Europa muss das Ziel vorgeben und die Bedingungen für einen gerechteren und dauerhafteren Wettbewerb zwischen all jenen, die unsere Werke verbreiten, festlegen. Es muss das Prinzip der steuerlichen Gleichbehandlung gewährleisten und gegenüber den Kunstschaffenden gemachte Zusagen zur Finanzierung und Verbreitung rasch und ohne Umwege umsetzen.

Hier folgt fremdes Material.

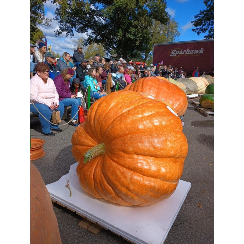 Each order will receive 2 seeds from the beautiful pumpkin shown in the pictures. I grew this pumpkin in my yard and it weighed 656lbs. The genetic lineage in this pumpkin (1002 Ailts) ( X self ) consistently produces pumpkins that look like this (sometimes even darker orange) They grow tall Pinwheel style fruit with deep ribs and beautiful sunburst pattern, smooth glossy skin. Whenever I've seen pumpkins from this genetic lineage show up at a weigh off, it wins the prettiest pumpkin award ( Howard Dill award ) and this fruit was no exception! It easily won the Howard Dill award and the Gary Keyzer for prettiest pumpkin! If your goal is to win one of them awards at a weigh off then this is the seed you want to grow!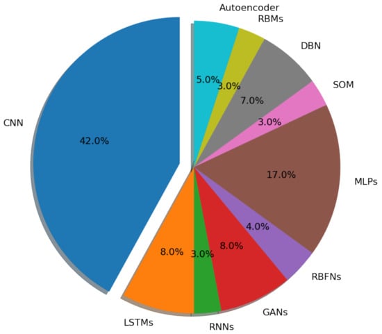 Convolutional neural networks are one of the deep neural network types that have received the most attention. Because of the rapid development in the amount of annotated data and considerable advances in the capacity of graphics processor units, convolutional neural network research has quickly developed and achieved state-of-the-art outcomes on several applications []. CNNs are made up of neurons that learn to optimize themselves, similar to traditional ANNs []. CNNs are frequently used in academic and commercial projects due to their benefits, such as down sampling, weight sharing, and local connection. A CNN model typically requires four components to be built. Convolution is an essential step in feature extraction. Feature maps are the results of convolution. We will lose boundary information if we use a convolution kernel of a specific size []. Padding is thus used to increase the input with a zero value, which can modify the size indirectly. Furthermore, the stride is employed to control the density of convolving. The density diminishes as the stride size increases. Feature maps generated after convolution contain many features, which might cause overfitting. Pooling (also known as aggregation) avoids redundancy []. The basic architecture of CNN is presented in Figure 9. Table 4 provides a summary of various literature on CNN. The deep CNN was accepted as the winning entry in the ImageNet Challenge 2012 (LSVRC-2012), developed by Krizhevsky, Sutskever, and Hinton. Since then, DL has been successfully used for several use cases, including, text processing, computer visions, sentiment analysis, recommendation systems, etc. Besides that, big businesses like Google, Facebook, Amazon, IBM, and others have established their own DL research facilities []. In addition to that, AM has also incorporated it enormously. As shown in Figure 8.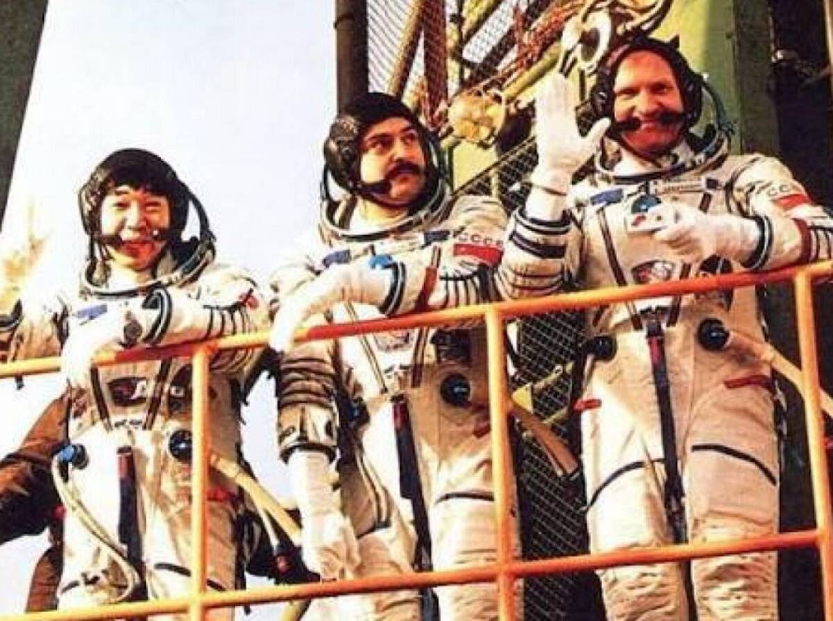 В составе экипажа были лётчик-космонавт Муса Манаров и японский тележурналист Тоёхиро Акияма.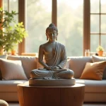 Pour créer un véritable espace de méditation, choisissez un coin tranquille de votre chambre ou de votre salon. Évitez les zones de passage et privilégiez un endroit surélevé, jamais posé directement au sol selon les traditions. L’entrée peut accueillir une petite sculpture pour purifier l’énergie de la maison, mais veillez à ce qu’elle ne soit jamais tournée vers la porte.

Und schließlich muss Europa für eine bessere Ausgewogenheit zwischen dem Ort der Besteuerung und dem Ort der Verbreitung der Werke sorgen, wie es bereits für die Umsatzsteuer der Fall ist.

Europa ist kein neuer Wilder Westen, ohne Glauben und Moral: Es muss auf die Anwendung derselben Regeln für alle Anbieter, Plattformen, Websites oder sozialen Netzwerke geachtet werden.

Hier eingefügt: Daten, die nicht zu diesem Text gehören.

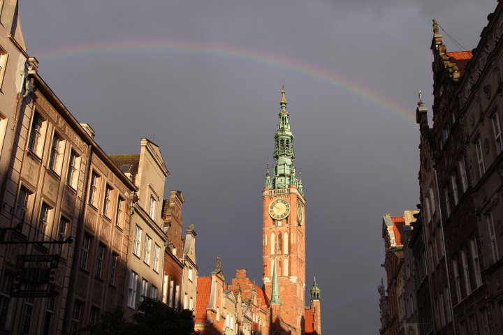Tęcza nad wieżą Ratusza Głównego Miasta

In Zeiten, in denen die Produktpiraterie noch immer eine Plage ist und das legale Angebot die Zuschauer nur mühsam erreicht, ist es zudem nötig, eine bessere Präsentation der Werke auf allen Trägern zu fördern.

Die Entwicklung von Referenztools für legal zugängliche Filme muss beschleunigt werden, und ebenso müssen die Zusammenarbeit zwischen Mitgliedsstaaten und konzertierte gemeinsame Aktionen unterstützt werden.

Jeder Autor hofft vor allem, sein Werk dem größtmöglichen Publikum zugänglich machen zu können: Die Gewährleistung einer umfassenden Präsentation in Kinosälen, auf TV-Kanälen, in digitaler Form und auf allen On-Demand-Diensten hat Priorität.

Es geht dabei auch darum, neuen Zuschauererwartungen gerecht zu werden. Die in dieser Sparte Tätigen sind aufgefordert, in diese Richtung gehende Anstrengungen zu unternehmen. Auch die europäischen Institutionen müssen eine gewisse Mindestpräsenz und -förderung der europäischen Werke auf den On-Demand-Diensten garantieren und ein hilfreiches Band zwischen digitaler Welt und Kunst knüpfen, ohne dabei die kulturelle Vielfalt zu gefährden.

Die Herausforderung ist enorm, birgt aber riesige Chancen: Nämlich die, - politische Akteure, Kunstschaffende und Bürger - zu einen, um neu zu überlegen und eine anspruchsvolle, ehrgeizige Kulturpolitik zu entwickeln, die sich an die digitale Welt, ihre Wirtschaft und Bräuche anpasst und Kunstschaffende ins Zentrum ihres Handels stellt.